一直到熙宁四年,王安石试图变科举兴学校,觉得国家需要的是经世致用的人才,不需要那么多长于诗赋的文人,打算废明经科,考经义、策论、法学这种实用的。苏轼反对不能,又遭御史诬告,自请外放,这时候也谈不上谁捞谁,兄弟俩都没啥权力。】
百姓已有了基础的政治认知,敢对朝堂政策给出评价:“我看王安石变科举兴学校就不错,治国要的是做实事的官,书生诗词歌赋写得再好也比不上政策法令,难道明经道理能让咱们吃饱饭?”
稚童学着老学究摇头晃脑:“非也非也。”
妇人聚在河边浣洗衣裳,猜着原接触不到的大人物心思。
“他们怕写经义文章的官多了,显得自己没用?”
“苏大人哪是这种人?你动动脑子,要是你家小子在家苦读几十年,终于学得差不多,打算凑点银子送他去考科举,临了考的东西都变了,你也得疯。”
闻者无不嘶声:“真够要命的。苏大人没错,可王大人说的也有理,他们新旧两党成天就这么撕吧,不能好好说话?”
“难呐,怎么就搞得非黑即白。”
冬日无事,畅聊一通后,众人终于心满意足,各回各家。
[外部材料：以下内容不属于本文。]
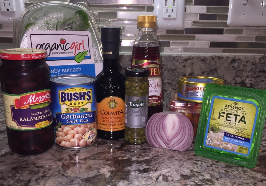 Combine all ingredients, except spinach, in a small bowl. Toss the tuna mixture in spinach or arugula. Save leftover tuna mixture in the refrigerator.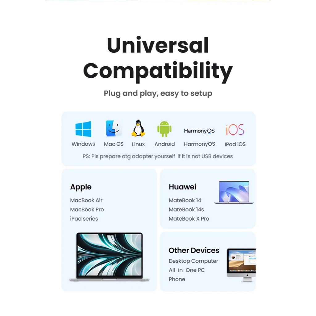 Chuột không dây UGREEN MU105 5 tương thích với các thiết bị như PC, laptop và các thiết bị di động có trang bị chức năng OTG. Chuột không cần cài Driver mà vẫn hoạt động bình thường.

妇人借了铲子,试着在院子墙南深挖,触到悉索之声后索性扔了工具直接上手,小心翼翼拨去泥土,从中挖出一把新鲜如初、并无多少减损的菜。
天幕之前说的《齐民要术》冬囤之法当真有用!
邻人听到惊呼,也借铁器深掘,雀跃声飞度田埂,遥遥落入朱门。暖屋里刚采摘的鲜蔬翠绿,主人家却醉醺醺顾不上它:“什么青苗法,推新政,花那么大力气,还不是中止了,苏轼这个文坛魁首文曲再世,不也颠沛流离半辈子。争来争去谁得意,为国为民都是虚的,百姓懂什么,喝!”
【就这样,苏辙做教授,苏轼做通判,苏辙做学官和掌书记,苏轼任知州老夫聊发少年狂,被贬和逐步上升都很一致。熙宁十年,苏轼在徐州做知州,好消息,苏辙终于做上了签书应天府判官,在十几年后达到了他哥最开始的职场水准。